Artificial Neural Network-Based Heat Transfer Analysis of Sutterby Magnetohydrodynamic Nanofluid with Microorganism Effects

Background: The study of non-Newtonian fluids in thin channels is crucial for advancing technologies in microfluidic systems and targeted industrial coating processes. Nanofluids, which exhibit enhanced thermal properties, are of particular interest. This paper investigates the complex flow and heat transfer characteristics of a Sutterby nanofluid (SNF) within a thin channel, considering the combined effects of magnetohydrodynamics (MHD), Brownian motion, and bioconvection of microorganisms. Analyzing such systems is essential for optimizing design and performance in relevant engineering applications.
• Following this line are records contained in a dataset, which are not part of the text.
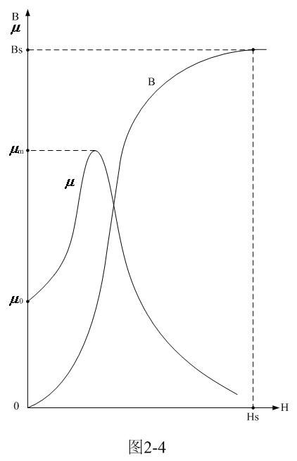 在圖2-4中,曲線B為磁通密度對(duì)應(yīng)磁場強(qiáng)度變化的關(guān)系曲線,曲線 為導(dǎo)磁率對(duì)應(yīng)磁場強(qiáng)度變化的關(guān)系曲線。由于我們這里把磁場強(qiáng)度作為自變量,而磁通密度和鐵芯導(dǎo)磁率都作為因變量,因此,我們同樣可以把曲線B和曲線 統(tǒng)稱為變壓器鐵芯的磁化曲線。
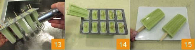 Cuando los polos estén listos, desmóldalos poniendo el molde bajo el agua corriente 13, así facilitarás la extracción (14-15).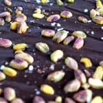 Next, sprinkle the pistachios evenly over the melted chocolate, followed by the sea salt.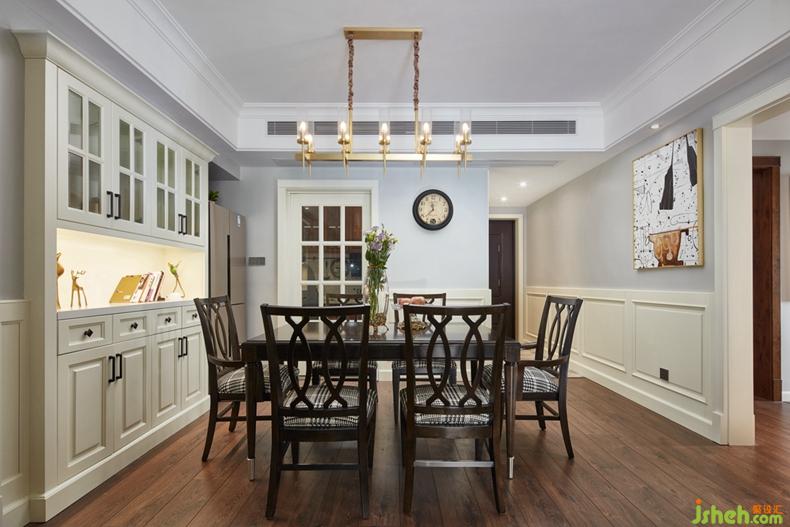 客廳采用嵌入式石膏吊頂,搭配精致的吊燈,營(yíng)造出一種溫馨、浪漫的氛圍。舒適的皮質(zhì)沙發(fā),風(fēng)格鮮明的裝飾畫(huà),都讓美式風(fēng)格得到進(jìn)一步的彰顯。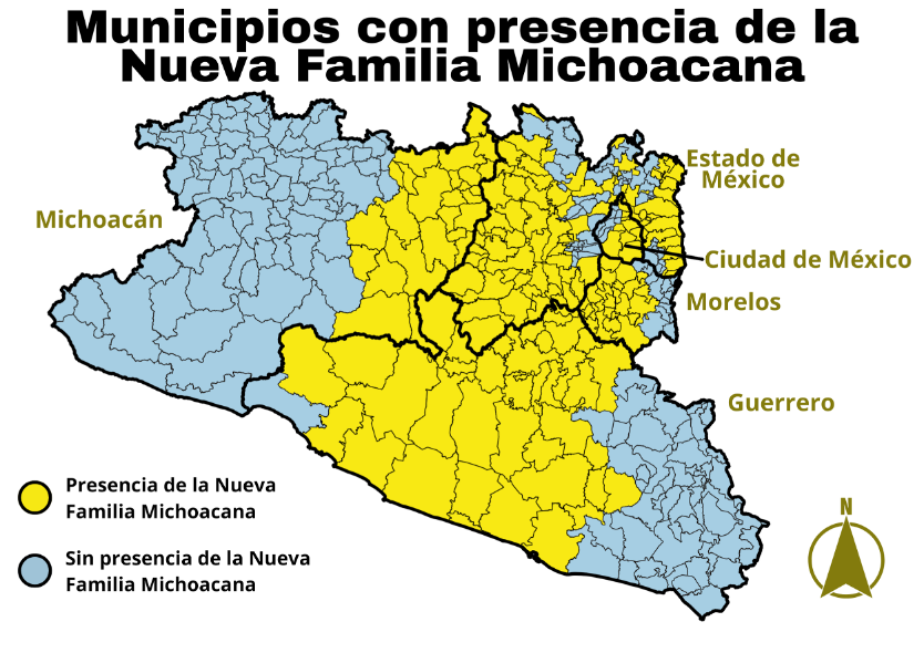 Motivados por la alta participación en el mercado de la producción de opio, la ahora conocida como Nueva Familia Michoacana, incrementó sus ingresos y comenzó un proceso de expansión importante, al grado que hoy se encuentra presente en 174 municipios de cinco entidades del país. Operan en 86 de los 125 municipios del Estado de México, en 39 de los 85 que hay en Guerrero, en 26 de los 113 de Michoacán, en 23 de los 36 de Morelos y en 9 de las 16 Alcaldías de la Ciudad de México. Esta cobertura es producto de una investigación propia, cuyas fuentes pueden ser consultadas en el siguiente enlace y de forma gráfica se muestra en el siguiente mapa.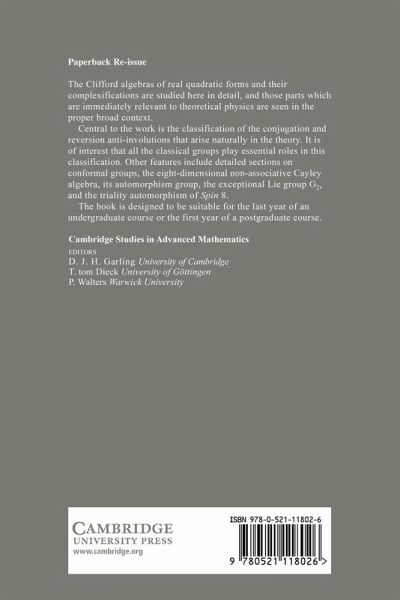 The Clifford algebras of real quadratic forms and their complexifications are studied here in detail, and those parts which are immediately relevant to theoretical physics are seen in the proper broad context. Central to the work is the classification of the conjugation and reversion anti-involutions that arise naturally in the theory. It is of interest that all the classical groups play essential roles in this classification. Other features include detailed sections on conformal groups, the eight-dimensional non-associative Cayley algebra, its automorphism group, the exceptional Lie group G2, and the triality automorphism of Spin 8. The book is designed to be suitable for the last year of an undergraduate course or the first year of a postgraduate course.
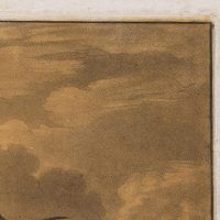 • Zustand: Akzeptabler Zustand. Das Papier ist altersbedingt verfärbt. Das Blatt ist stellenweise stockfleckig. Die Darstellung macht einen sehr guten Eindruck. Die Blattkanten sind unbeschnitten und stellenweise leicht bestoßen sowie vereinzelt eingerissen. Entlang der Kanten leicht verbräunt. Auf dem Blattrand links zwei kleine Löcher im Papier. Schwache Bereibungen und minimale Druckfehler in der Darstellung.
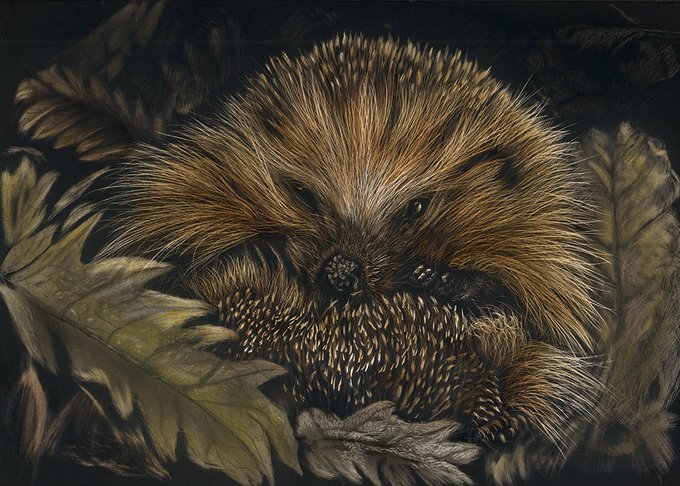 So I love painting big cats, but I also love painting wee hedgehogs, just finished 'Golden Grub', 7x5 inches, for sale and painted on @Ampersand_Art #scratchbord with fluid acrylic. #art #artistsontwitter #Artists #painting #homedecor #artforsale #ArtOfTheDay #hedgehog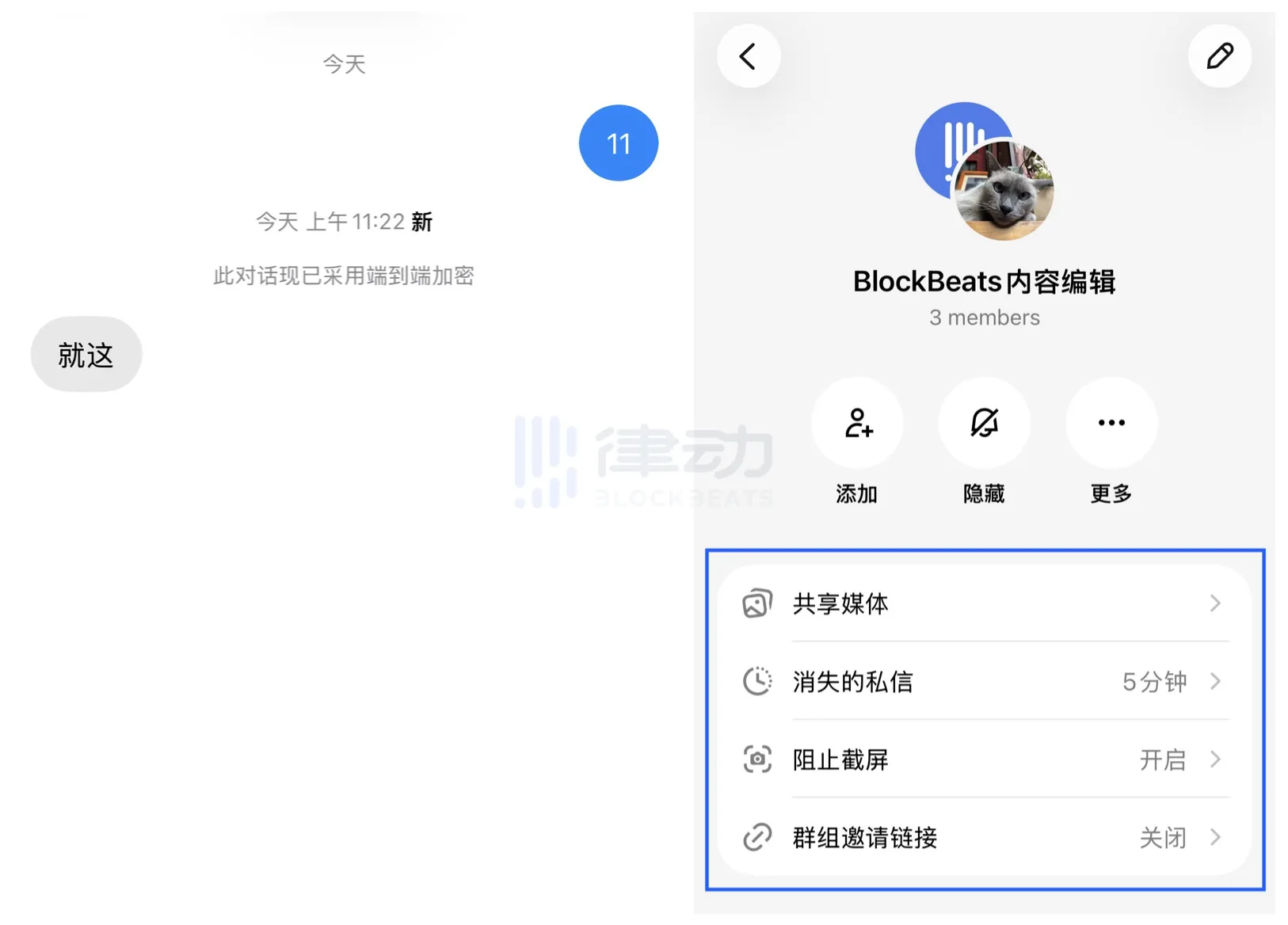 Hủy tin nhắn sau khi đọc (tin nhắn riêng biệt biến mất), chặn chụp màn hình (chặn chụp màn hình) được thiết lập riêng cho từng cuộc trò chuyện hoặc nhóm trò chuyện, không thể điều chỉnh chung trước đó trong trang cài đặt. Khi bắt đầu trò chuyện mới, nội dung trò chuyện sẽ tự động hiển thị đã được mã hóa.
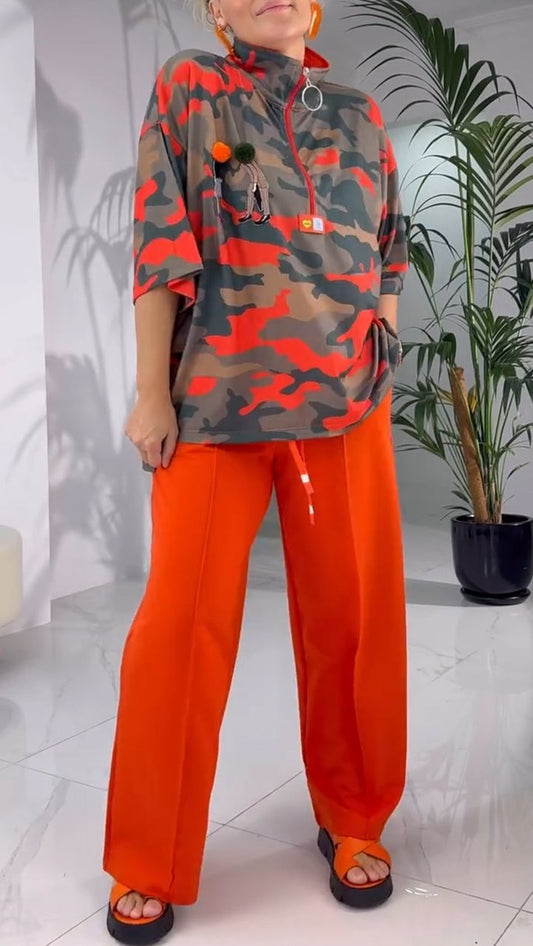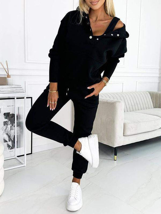 Traje deportivo informal de manga larga con capucha y medio botón para mujer

Method: The governing non-linear partial differential equations (PDEs) for the flow, heat, concentration, and bioconvection are derived. Using lubrication theory and appropriate dimensionless variables, this system of PDEs is simplified into a more simplified system of ordinary differential equations (ODEs). The resulting nonlinear ODEs are solved numerically using the boundary value problem (BVP) Midrich method in Maple software to ensure accuracy. Furthermore, data for the Nusselt number, extracted from the numerical solutions, are used to train an artificial neural network (ANN) model based on the Levenberg–Marquardt algorithm. The performance and predictive capability of this ANN model are rigorously evaluated to confirm its robustness for capturing the system’s non-linear behavior. Results: The numerical solutions are analyzed to understand the variations in velocity, temperature, concentration, and microorganism profiles under the influence of various physical parameters. The results demonstrate that the non-Newtonian rheology of the Sutterby nanofluid is significantly influenced by Brownian motion, thermophoresis, bioconvection parameters, and magnetic field effects. The developed ANN model demonstrates strong predictive capability for the Nusselt number, validating its use for this complex system. These findings provide valuable insights for the design and optimization of microfluidic devices and specialized coating applications in industrial engineering.